• _Required action_
Below, find the line containing "2022年1月,國家藥品監督" and the line containing "Variable Feed SpeedThe"; reproduce exactly those two and every line between them, omitting pictures.

(Supplied records)

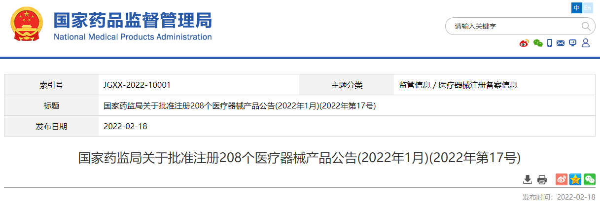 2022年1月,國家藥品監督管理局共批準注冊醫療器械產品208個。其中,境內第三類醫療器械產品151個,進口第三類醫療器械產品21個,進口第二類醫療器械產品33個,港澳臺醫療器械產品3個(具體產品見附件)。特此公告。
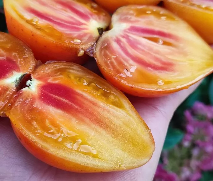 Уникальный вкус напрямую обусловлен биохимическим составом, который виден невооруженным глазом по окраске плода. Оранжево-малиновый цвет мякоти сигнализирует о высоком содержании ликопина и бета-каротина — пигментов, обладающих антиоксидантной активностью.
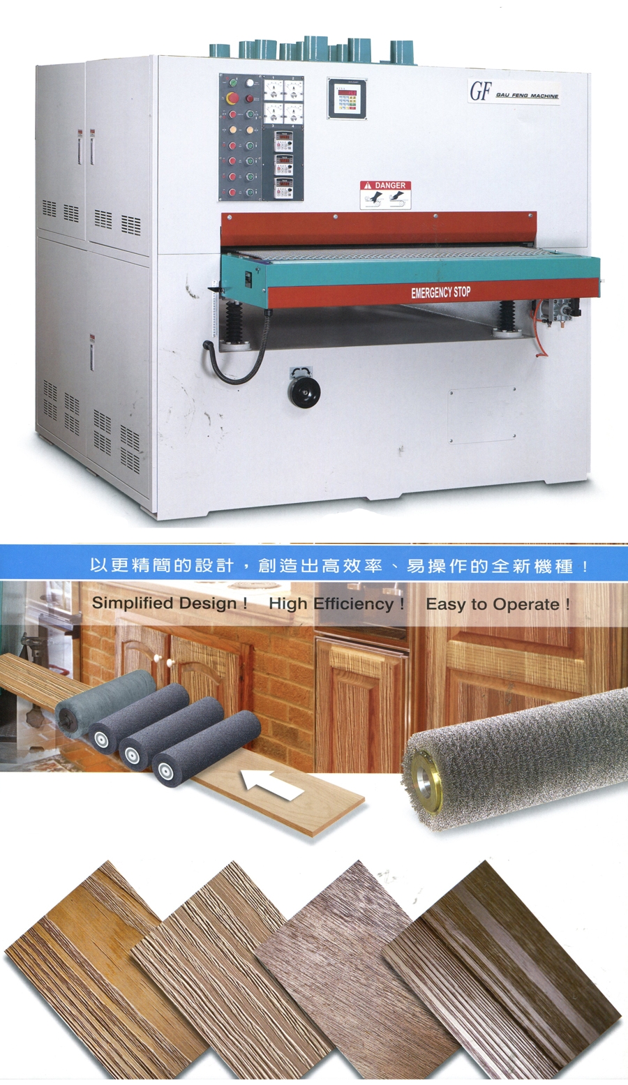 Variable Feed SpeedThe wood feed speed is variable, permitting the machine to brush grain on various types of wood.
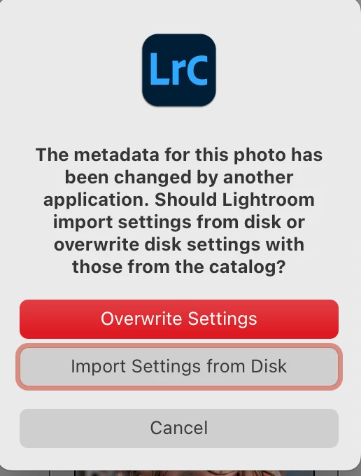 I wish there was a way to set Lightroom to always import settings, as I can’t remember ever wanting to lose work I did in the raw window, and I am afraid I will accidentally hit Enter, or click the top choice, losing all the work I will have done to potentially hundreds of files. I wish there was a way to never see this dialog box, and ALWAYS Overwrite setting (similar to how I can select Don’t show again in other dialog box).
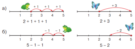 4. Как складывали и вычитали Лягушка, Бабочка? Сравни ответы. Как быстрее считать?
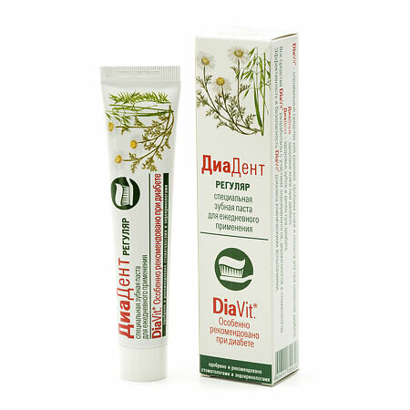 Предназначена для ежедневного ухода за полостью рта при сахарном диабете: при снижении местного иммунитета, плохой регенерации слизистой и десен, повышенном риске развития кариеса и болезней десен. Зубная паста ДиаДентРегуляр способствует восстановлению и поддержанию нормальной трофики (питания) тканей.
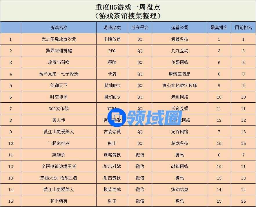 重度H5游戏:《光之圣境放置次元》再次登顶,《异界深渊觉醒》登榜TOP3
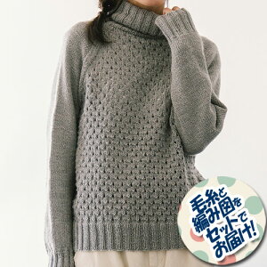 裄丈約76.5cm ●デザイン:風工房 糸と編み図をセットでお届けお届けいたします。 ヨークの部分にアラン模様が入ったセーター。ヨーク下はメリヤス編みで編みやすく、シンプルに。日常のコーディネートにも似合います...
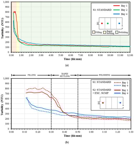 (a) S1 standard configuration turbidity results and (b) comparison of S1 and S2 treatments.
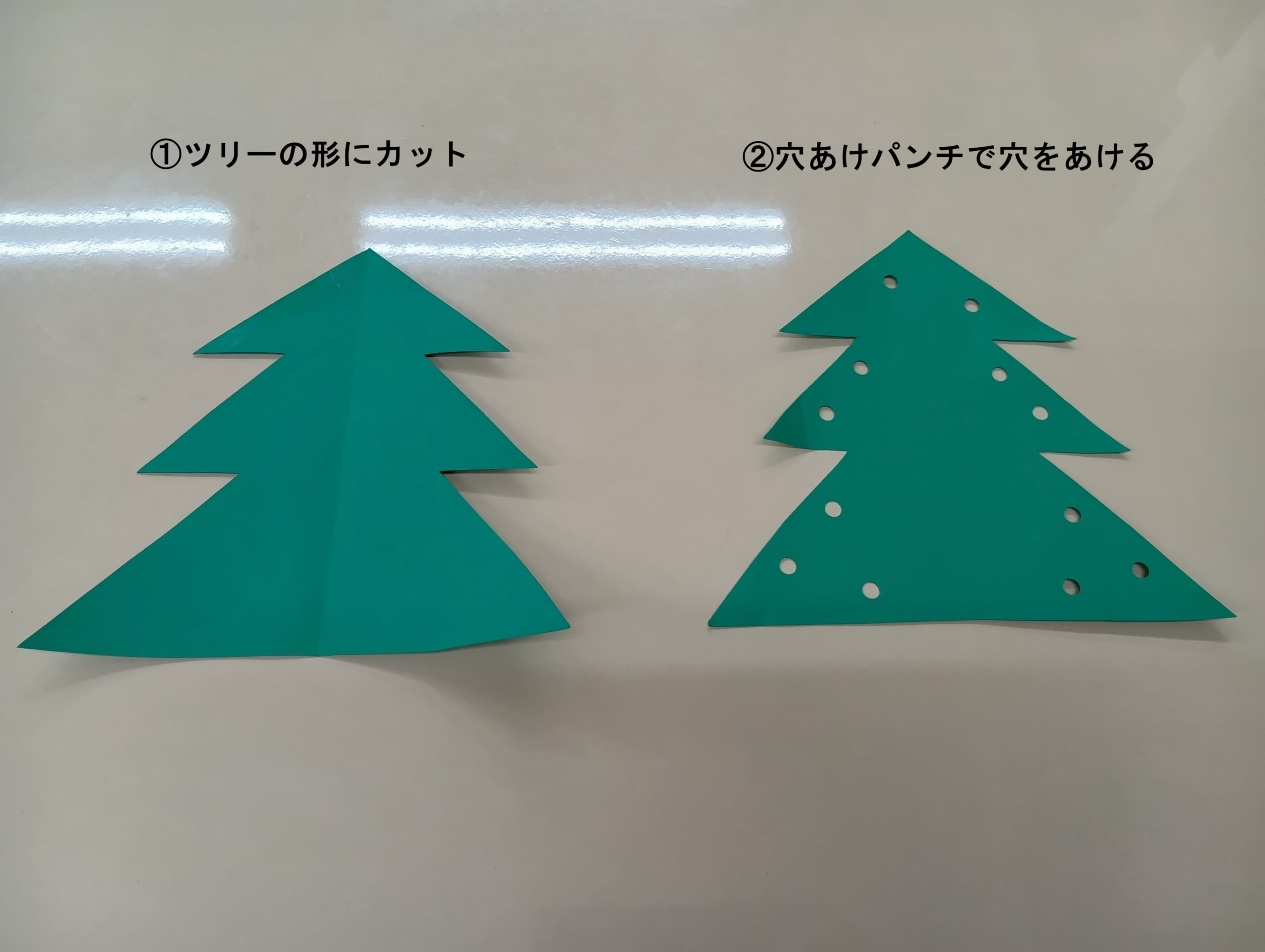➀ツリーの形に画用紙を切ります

(End Supplied records)
(Supplied records)

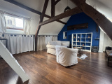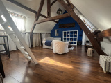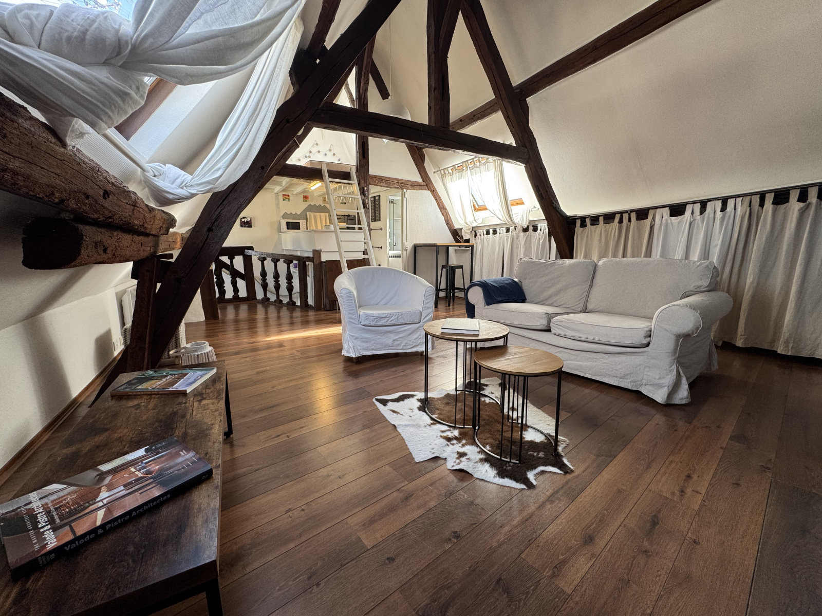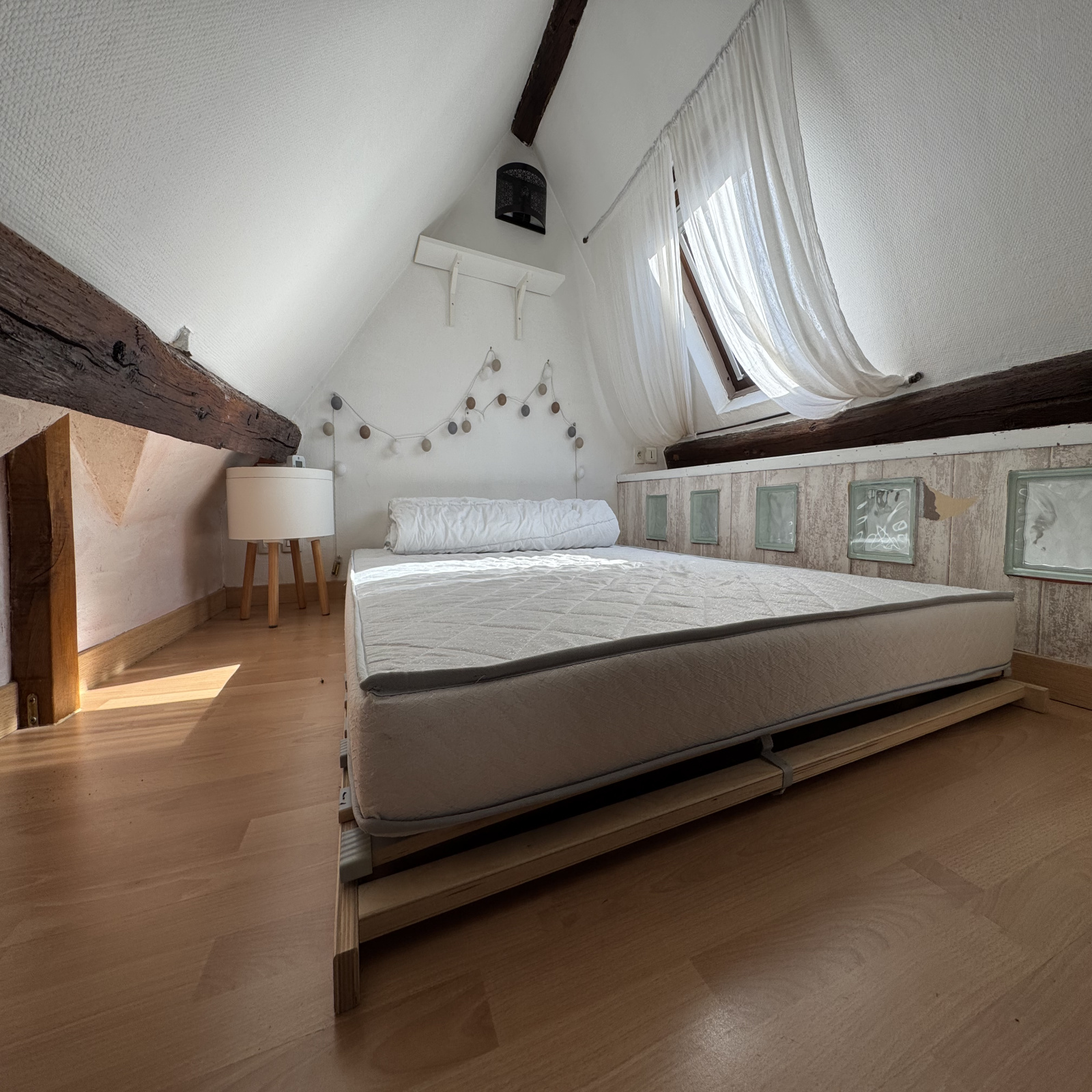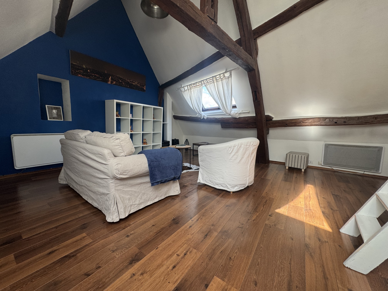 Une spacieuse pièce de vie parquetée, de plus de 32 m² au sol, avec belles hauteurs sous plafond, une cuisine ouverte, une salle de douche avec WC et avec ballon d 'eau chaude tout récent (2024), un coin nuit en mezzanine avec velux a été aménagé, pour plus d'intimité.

(End Supplied records)
(Supplied records)

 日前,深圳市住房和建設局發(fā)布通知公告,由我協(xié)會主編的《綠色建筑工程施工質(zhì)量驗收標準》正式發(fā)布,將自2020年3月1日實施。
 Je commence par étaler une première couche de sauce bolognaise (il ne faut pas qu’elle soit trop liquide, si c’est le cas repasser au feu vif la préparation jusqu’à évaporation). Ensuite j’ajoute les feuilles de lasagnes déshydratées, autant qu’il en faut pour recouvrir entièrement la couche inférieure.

(End Supplied records)

• _Exercise output_
 2022年1月,國家藥品監督管理局共批準注冊醫療器械產品208個。其中,境內第三類醫療器械產品151個,進口第三類醫療器械產品21個,進口第二類醫療器械產品33個,港澳臺醫療器械產品3個(具體產品見附件)。特此公告。
 Уникальный вкус напрямую обусловлен биохимическим составом, который виден невооруженным глазом по окраске плода. Оранжево-малиновый цвет мякоти сигнализирует о высоком содержании ликопина и бета-каротина — пигментов, обладающих антиоксидантной активностью.
 Variable Feed SpeedThe wood feed speed is variable, permitting the machine to brush grain on various types of wood.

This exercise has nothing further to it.